- Opening Delimiter -

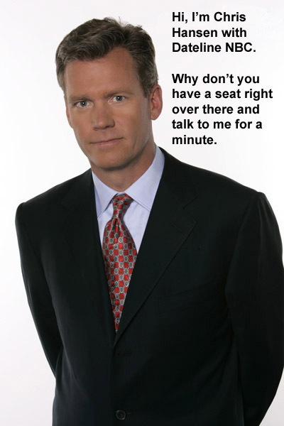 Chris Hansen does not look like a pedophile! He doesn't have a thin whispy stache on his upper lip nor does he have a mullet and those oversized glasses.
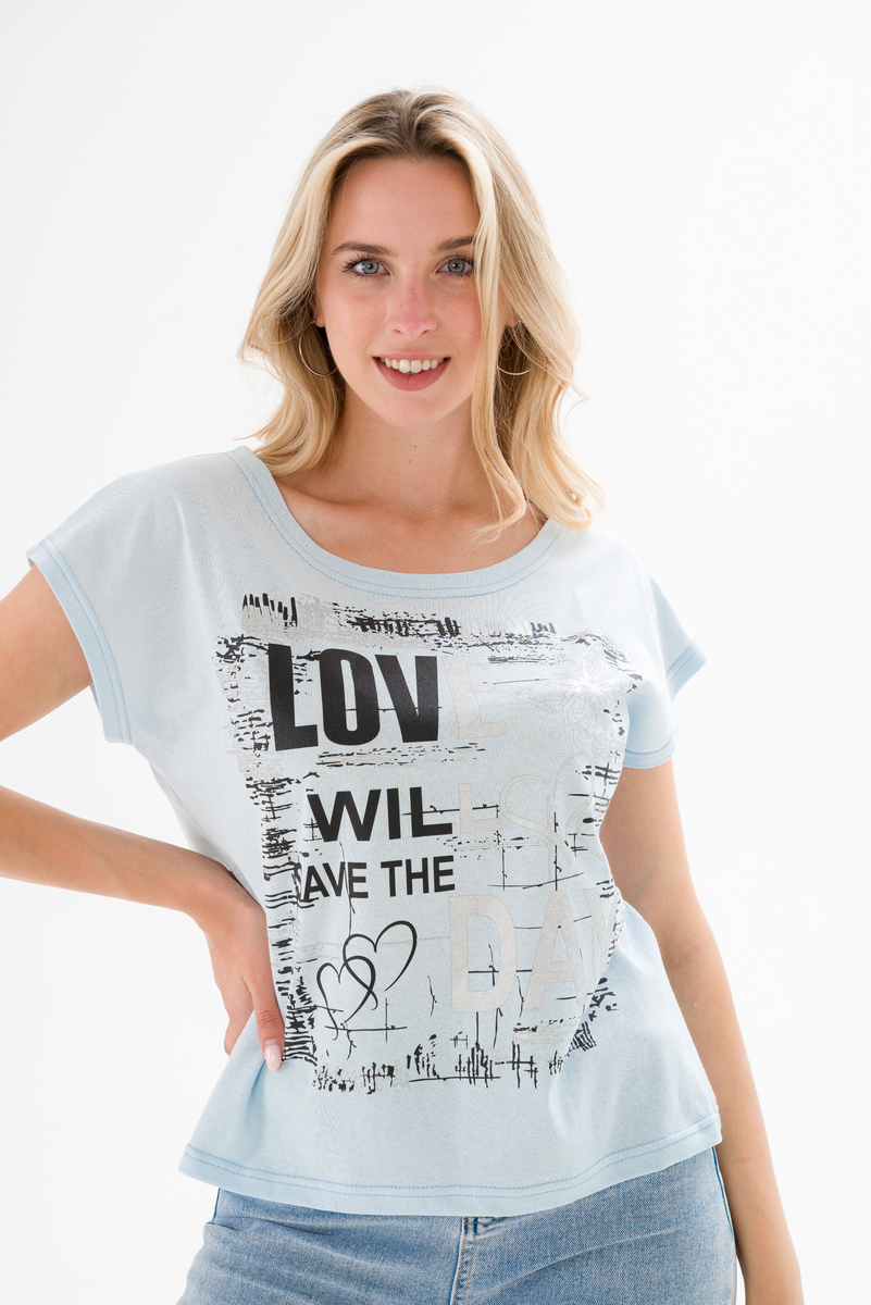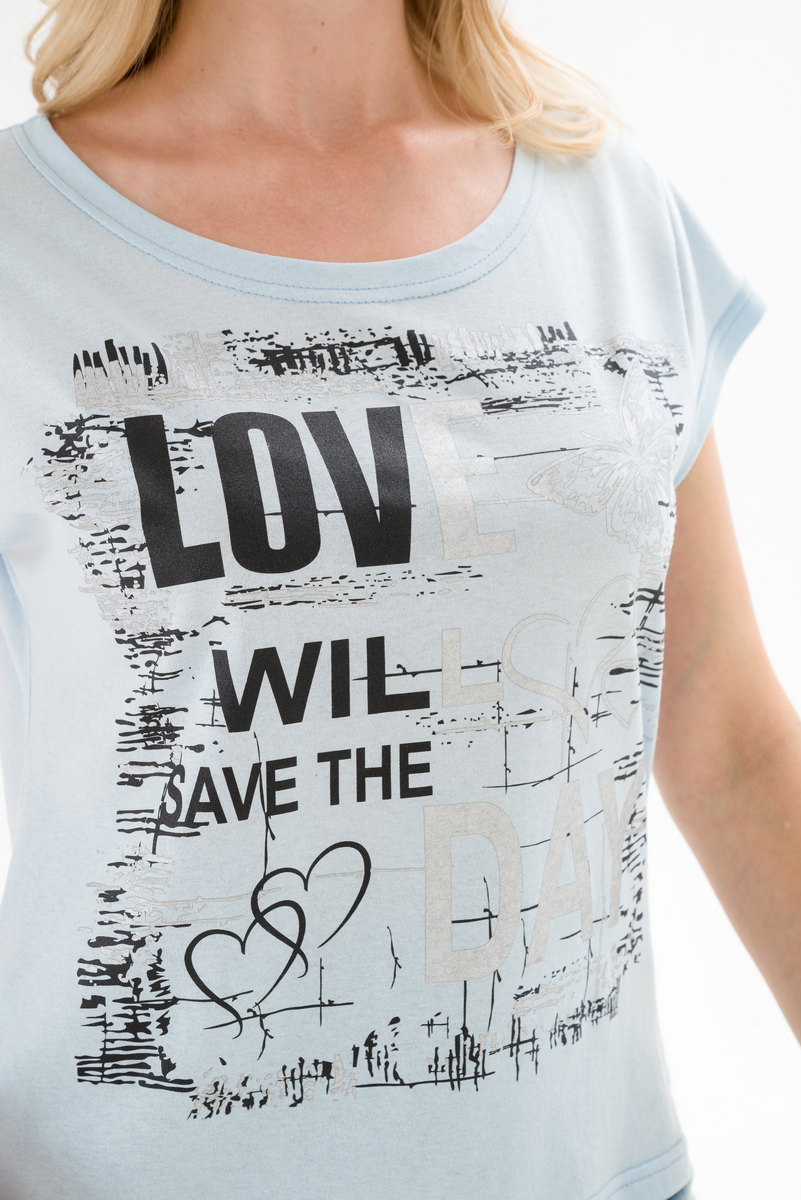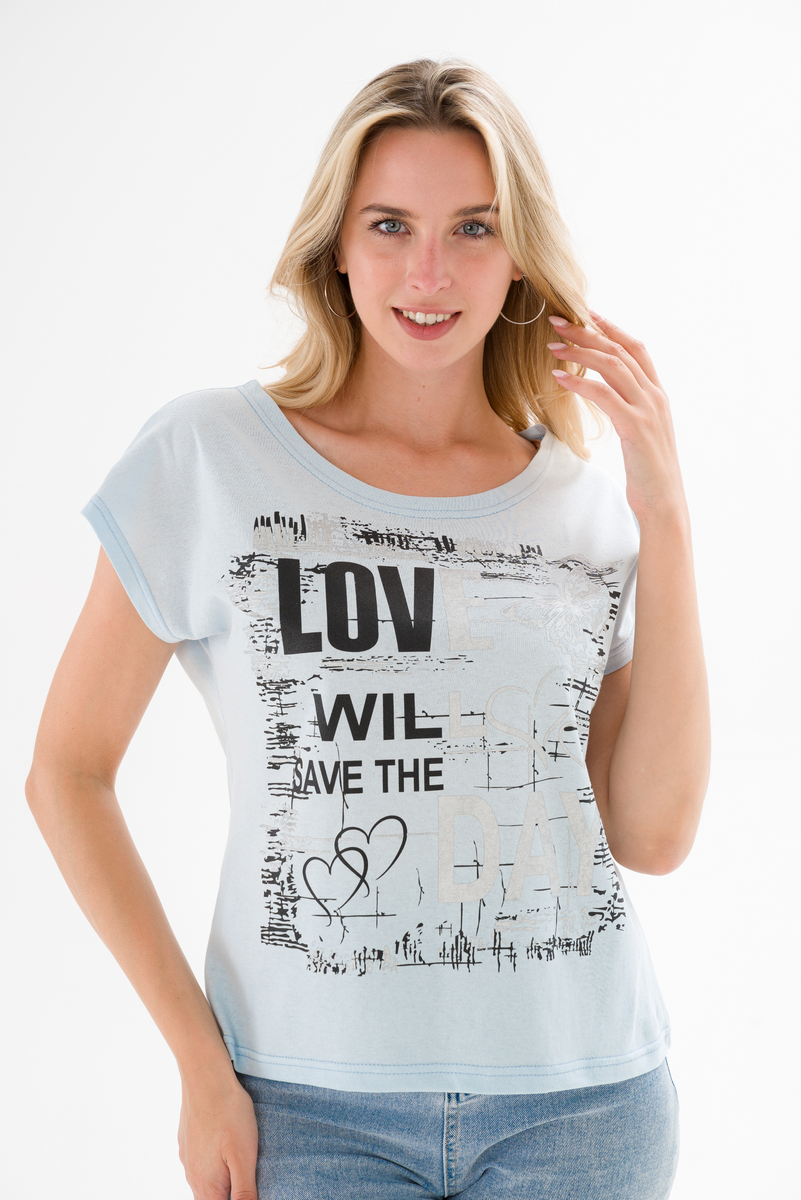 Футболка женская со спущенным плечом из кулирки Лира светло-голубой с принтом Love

- Closing Delimiter -
- Opening Delimiter -

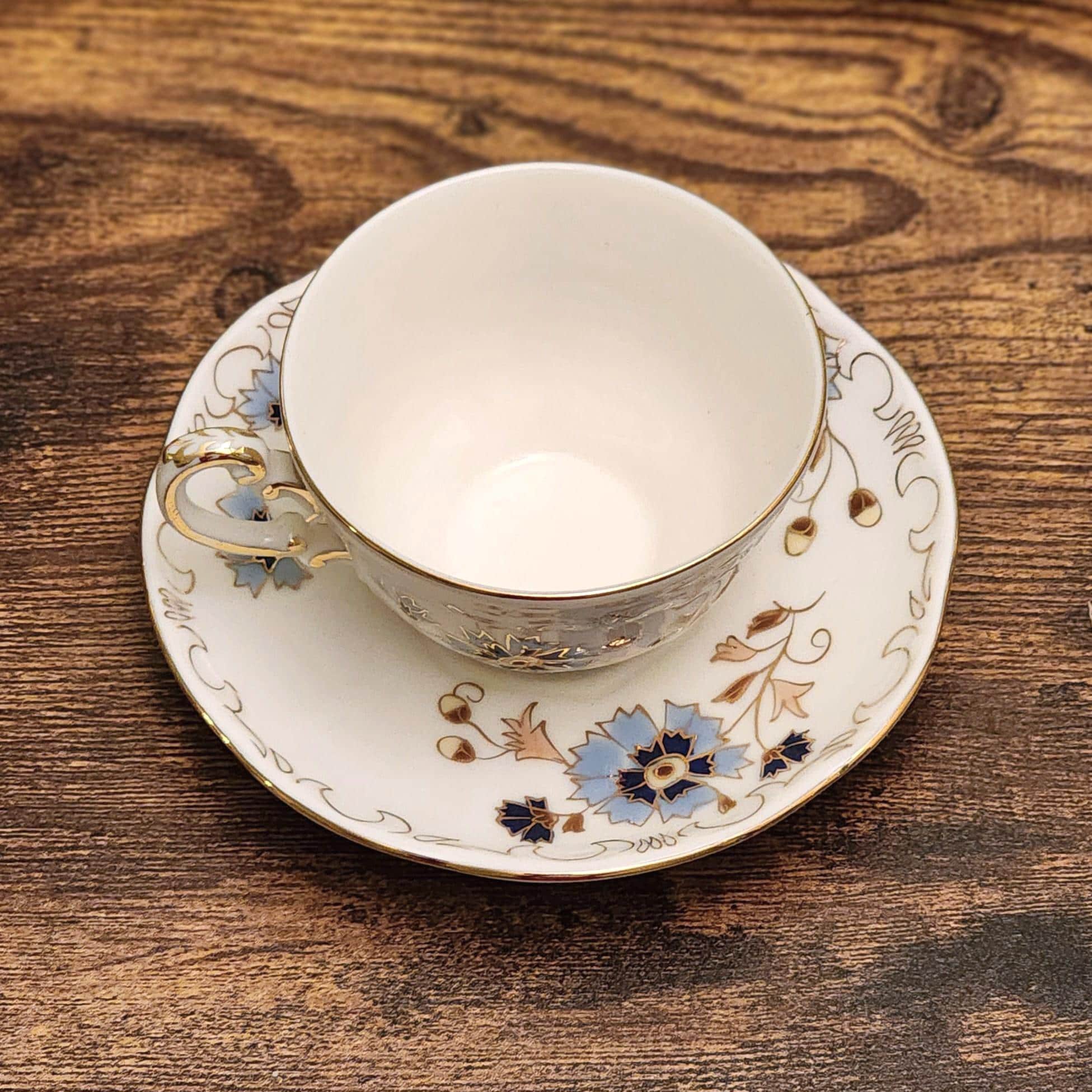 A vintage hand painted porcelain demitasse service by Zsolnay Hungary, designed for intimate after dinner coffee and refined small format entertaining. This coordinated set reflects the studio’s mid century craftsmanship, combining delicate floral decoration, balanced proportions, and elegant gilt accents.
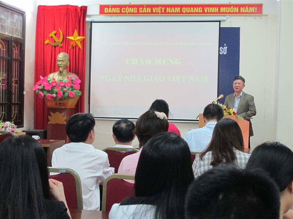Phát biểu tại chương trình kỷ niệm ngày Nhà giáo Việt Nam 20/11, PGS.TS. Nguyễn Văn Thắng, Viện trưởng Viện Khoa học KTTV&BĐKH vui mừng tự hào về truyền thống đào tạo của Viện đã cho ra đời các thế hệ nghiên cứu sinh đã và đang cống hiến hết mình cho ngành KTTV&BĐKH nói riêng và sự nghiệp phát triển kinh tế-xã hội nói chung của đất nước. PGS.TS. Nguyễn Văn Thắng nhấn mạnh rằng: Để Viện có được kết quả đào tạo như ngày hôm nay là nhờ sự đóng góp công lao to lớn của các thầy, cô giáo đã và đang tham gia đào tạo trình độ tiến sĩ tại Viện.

- Closing Delimiter -
- Opening Delimiter -

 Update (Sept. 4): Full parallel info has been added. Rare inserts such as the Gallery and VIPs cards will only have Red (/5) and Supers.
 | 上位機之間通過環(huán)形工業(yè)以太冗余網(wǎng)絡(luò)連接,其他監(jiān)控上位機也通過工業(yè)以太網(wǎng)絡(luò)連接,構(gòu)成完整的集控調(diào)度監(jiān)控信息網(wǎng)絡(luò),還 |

- Closing Delimiter -

> **PROBLEM TO WORK ON**: Produce an exact reproduction of the listing above, limited to the lines starting at the line with "Chris Hansen does" and ending at the line with "Футболка женская со", both kept, with every picture left out.

> **WRITTEN RESPONSE**:
 Chris Hansen does not look like a pedophile! He doesn't have a thin whispy stache on his upper lip nor does he have a mullet and those oversized glasses.
 Футболка женская со спущенным плечом из кулирки Лира светло-голубой с принтом Love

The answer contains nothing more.